To normalize the results obtained with blood samples, a quantitative bisulfite-specific PCR assay (qBSP) was developed in parallel with the qMSP assay to quantify the total level of amplifiable bisulfite-treated gDNA in each sample. Primers P16 and P17 (Table 1, Fig. 2A) were designed to overlap the template sequences for the P12/P13 primer set but are not dependent on the methylation status of the CpG sites (BSP). The qBSP standard curve consisting of three-fold serial dilutions of methylated plasmid (106 copies to 17 copies) exhibits linearity (efficiency = 91.47%±5.6 SD, slope = −3.55±0.15 SD, R2 =  0.99±0.01 SD; n = 4 experiments) over the entire dose range (Table 3).

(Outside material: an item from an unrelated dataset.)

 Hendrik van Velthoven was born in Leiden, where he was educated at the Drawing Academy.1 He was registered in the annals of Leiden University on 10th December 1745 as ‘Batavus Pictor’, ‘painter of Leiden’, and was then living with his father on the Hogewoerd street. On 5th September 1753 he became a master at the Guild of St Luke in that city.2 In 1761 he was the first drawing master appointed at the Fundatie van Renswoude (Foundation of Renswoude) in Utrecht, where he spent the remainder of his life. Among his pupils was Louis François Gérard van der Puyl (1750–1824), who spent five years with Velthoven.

Detection of circulating beta cell-specific DNA by qMSP in mouse blood

To evaluate the ability of the assay to detect beta cell destruction in vivo, NOD/scid mice were treated with the beta cell-specific toxin streptozotocin (STZ) for three consecutive days starting at day 0 and blood samples were collected at days 1, 2, 5, 6, 7, 14, and 35 post-treatment. STZ-treatment resulted in a significant decrease in islet area (Fig. S3) and a notable increase in blood glucose levels after 5 days post-treatment which reached significance at day 6 (Fig. 5A).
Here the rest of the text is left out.